Sharlotte Kathleen Neely is an American anthropologist who is known for her research on Native North Americans, especially the Cherokee Indians. As of 2017, she was Professor Emerita of Anthropology at Northern Kentucky University. In 2025 the Eastern Band of Cherokee Indians Tribal Council awarded her the title Honorary Cherokee.

== Early life and education ==
Sharlotte Kathleen Neely was born in
Savannah, Georgia on Friday the 13th of August 1948 the only child of Joseph Bowden Neely and Kathleen Bell Neely. Her father nicknamed her “Sharkey.” The family lived in Savannah until 1962 when they moved to the Atlanta area. Neely is a graduate (1966) of Druid Hills High School in Atlanta.

She earned her B.A. degree in anthropology from Georgia State University in 1970 and her M.A. (1971) and Ph.D. (1976) degrees in anthropology from the University of North Carolina at Chapel Hill.  At UNC-CH Neely was a student of anthropologist John J. Honigmann. She joined the faculty at Northern Kentucky University in 1974 and retired in 2017 as professor emerita.
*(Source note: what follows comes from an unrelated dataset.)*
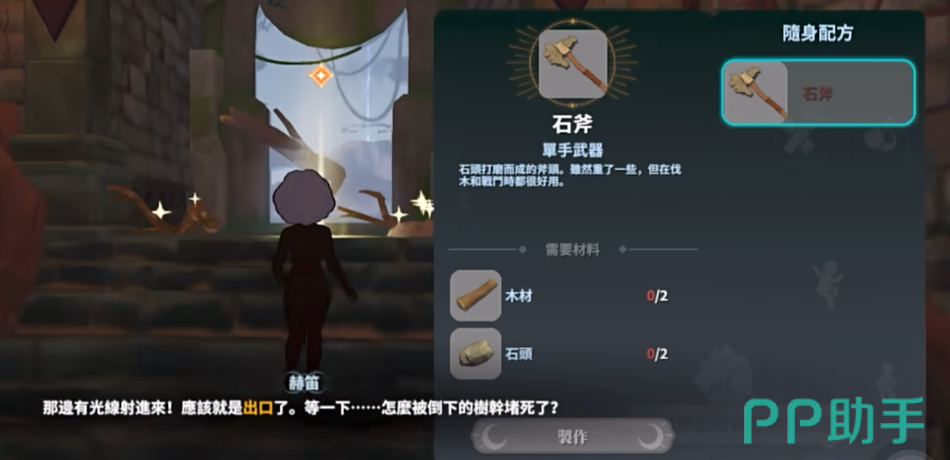 游戏开局即自动解锁“石斧”制作蓝图,无需额外探索或任务触发。材料获取路径极为便捷:首先进入出生点附近区域,采集2份木材;随后向地图外围移动,拾取2块普通石头;最后打开随身制作台界面,选择对应配方并确认合成,即可获得这把单手近战武器。该装备为前期清剿低等级野怪、采集资源的核心工具,操作门槛低、实用性高。

At NKU Neely served as both Anthropology Coordinator and Native American Studies Director.

She was President of Anthropologists and Sociologists of Kentucky from 1979 until 1980.

== Career ==
Neely's topics of study include ethnicity, indigenousness, gender roles, social organization, the origins of human behavior and institutions, and ethnohistory. Neely’s very first publication was in the American Anthropologist while still a first-year graduate student. Her most recent is the book, Global Indigenous Cultures: Their Struggles for Survival, co-edited with Douglas W. Hume.

Neely started investigating Snowbird Cherokees in the 1970s and published her book Snowbird Cherokees: People of Persistence in 1991. The book is an ethnographic study of Snowbird, North Carolina, a remote mountain community of Cherokees who are regarded as simultaneously the most traditional and the most adaptive members of the entire tribe. The book led to a documentary film of the same name, which won multiple awards. In 2021 Neely was honored with a 30th anniversary edition of her book. The foreword of that edition was written by Trey Adcock (Cherokee Nation, Oklahoma) and Gill Jackson (Eastern Band of Cherokee Indians, North Carolina).

Anthropologist Sharlotte Neely (far left) does fieldwork among North Carolina Cherokees in the 1970s.

She has also written a science fiction book, Kasker, under the name Sharlotte Donnelly.

== Selected publications ==
- Neely Williams, Sharlotte (1971). "The Limitations of the Male/Female Activity Distinction among Primates: An Extension of Judith K. Brown's "A Note on the Division of Labor by Sex""

- Neely, Sharlotte (1975). "The Quaker Era of Cherokee Indian Education, 1880-1892"

- Neely, Sharlotte (2021). "Snowbird Cherokees : people of persistence"

- Neely, Sharlotte (2017). "Native nations : the survival of fourth world peoples"

- Neely, Sharlotte (2011). "Wolves and Monogamy: A Comment on Shipman"

== Honors and awards ==
In 1976 the American Association of University Women recognized her for her potential for achievement. While at Northern Kentucky University , she was named Outstanding Professor in 1994, recognized by the alumni association in 1996 with the Strongest Influence Award, and by the student body in 1998 with the Dr. Martin Luther King, Jr. Service Award.